A new 60s-inspired book captures the rarest colours in the world
The Harvard Art Museums hold over 2500 of the world’s rarest pigments, from bits of Egyptian blue glass dating to 1,000 BCE to newly released fluorescent hues. Public access to the colour library has been restricted – until now, where, in An Atlas of Rare & Familiar Colour, the collection is excavated by Atelier Éditions in startling detail and vividity, through gradated colour-coded chapters.

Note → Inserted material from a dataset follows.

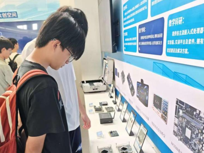 随后,同学们来到了企业产品展示区。在这里,他们参观了专利墙、项目案例展及校企合作成果展示,感受到了粤嵌公司在嵌入式系统、物联网、人工智能等领域的多年技术沉淀。工作人员详细介绍了这些产品的技术特性、实际应用场景及发展趋势,同学们听得津津有味,不时提出自己的见解和疑问。现场互动频繁,气氛热烈。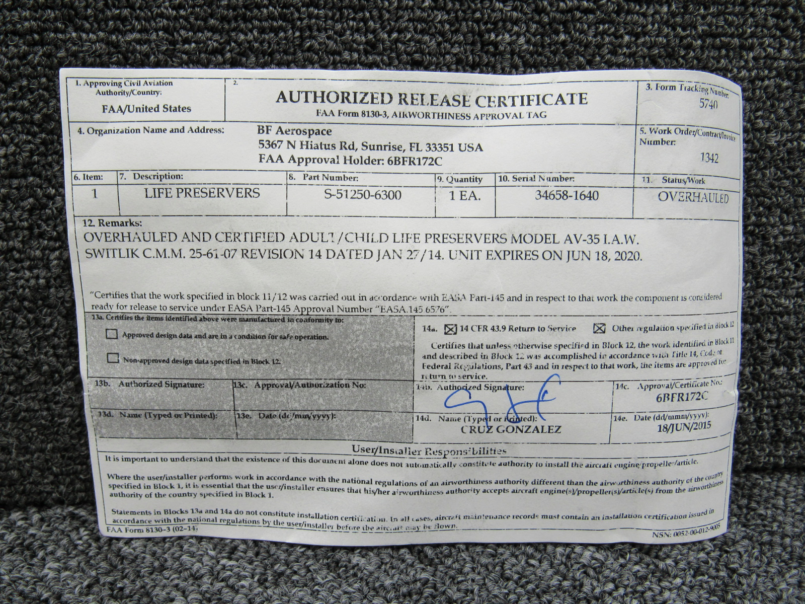 - Inspected by BF Aerospace on 06/18/2015

Inside the gloriously retro, 60s-inspired rainbow hardback, we find an encyclopedic photobook of poised still lifes, where each phial, herb and pigment-filled container becomes a character, narrating the fascinating history of colour.
Former Fogg Art Museum director Edward Forbes started the collection at the turn of the 20th century, in the interest of preserving the early Italian paintings he had just begun to collect. Through the years, word of mouth helped the collection to grow into a vast apothecary of bottles and beakers as other art lovers and experts donated their own pigments. Continually growing, the collection helps experts worldwide to research and authenticate paintings.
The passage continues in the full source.